Install tiktoken with uv sync --extra tiktoken.


Prompt control

By default each request draws a random prompt from a built-in pool of 100 prompts spanning explanation, code, creative writing, and science.

  • --prompt "..." — fixed prompt for every request.
  • --questions_file path.json — your own JSON array of strings.
  • --questions_file "" — disable the pool entirely; falls back to a single built-in default.
  • --seed 42 — reproducible random picks and Poisson schedule.

The seed flag is a small but important detail: in open-loop mode it pins both the prompt picks and the Poisson inter-arrival times, so a run can be reproduced byte-for-byte on the dispatch side.


What is great about it

A few things stand out after using it on a real serving stack:

Zero ceremony. A single uv run benchmark command with three env vars (ENDPOINT, API_KEY, MODEL) produces a useful number. There is no separate config file format, no orchestrator, no daemon.

The right invariants by default. Pinned output length, pinned input length, no retries, warmup excluded from the log, seedable randomness. These are the small choices that turn "a benchmark" into "a benchmark whose numbers you can defend."

Open-loop is a first-class citizen. Many homemade benchmarks only do closed-loop concurrency, which can quietly miss tail-latency blowups under sustained load. Having --qps with explicit queue_wait_s per request is the feature that surfaces saturation behavior most cleanly.

Matrix mode is genuinely useful. Comma-separated lists with broadcast semantics let you compare a vLLM build vs an SGLang build, or an 8B vs a 70B, or two model revisions, in one invocation with one log file per config.

Clean architecture. The package is split by concern: client does HTTP, runner does dispatch, stats does math, records does I/O, cli does argparse. The dependency graph is acyclic. The test suite (~130 tests, fully mocked, no network) covers each module individually and lints with ruff. CI runs both on every push and pull request.

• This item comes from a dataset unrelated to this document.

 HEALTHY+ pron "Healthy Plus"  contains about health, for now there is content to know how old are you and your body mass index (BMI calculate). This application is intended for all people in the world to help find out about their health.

No SDK lock-in. Just requests. That means any OpenAI-compatible server works without an adapter, and the tool itself is trivially auditable — there is no vendor SDK to mask what is on the wire.


What is still missing

The tool is small and focused, which is a feature. But the limitations are real and worth being explicit about.

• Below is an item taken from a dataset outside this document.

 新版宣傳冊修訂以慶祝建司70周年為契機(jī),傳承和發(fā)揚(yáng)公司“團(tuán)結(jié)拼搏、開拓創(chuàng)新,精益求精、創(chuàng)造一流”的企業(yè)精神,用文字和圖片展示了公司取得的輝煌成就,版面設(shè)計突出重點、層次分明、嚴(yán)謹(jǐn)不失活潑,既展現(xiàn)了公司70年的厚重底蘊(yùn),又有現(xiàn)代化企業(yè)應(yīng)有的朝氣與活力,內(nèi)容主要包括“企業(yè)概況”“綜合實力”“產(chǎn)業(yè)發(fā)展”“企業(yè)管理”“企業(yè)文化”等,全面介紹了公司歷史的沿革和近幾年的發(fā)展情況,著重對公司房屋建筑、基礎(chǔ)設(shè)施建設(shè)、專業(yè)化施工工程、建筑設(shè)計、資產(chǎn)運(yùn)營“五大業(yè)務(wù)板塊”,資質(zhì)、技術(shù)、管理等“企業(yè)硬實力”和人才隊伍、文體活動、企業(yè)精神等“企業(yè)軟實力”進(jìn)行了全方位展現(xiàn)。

No retries, no backoff. A 5xx or network error counts as a failed request and degrades the throughput number. That is intentional — masking errors with retries inside a benchmark is a category error — but it also means the tool will not tell you "the endpoint is flaky." A separate observability layer is required to spot intermittent failure.

No prefill vs decode breakdown. Aggregate tok/s blends prefill (input tokens processed) and decode (output tokens generated). Modern serving stacks behave very differently in those two phases (prefill is compute-bound, decode is memory-bound), and the gold-standard metric for decode throughput is output_tokens / (latency - ttft). The data to compute that is captured in the per-request log under streaming, but the summary does not yet print decode-only tok/s as its own line.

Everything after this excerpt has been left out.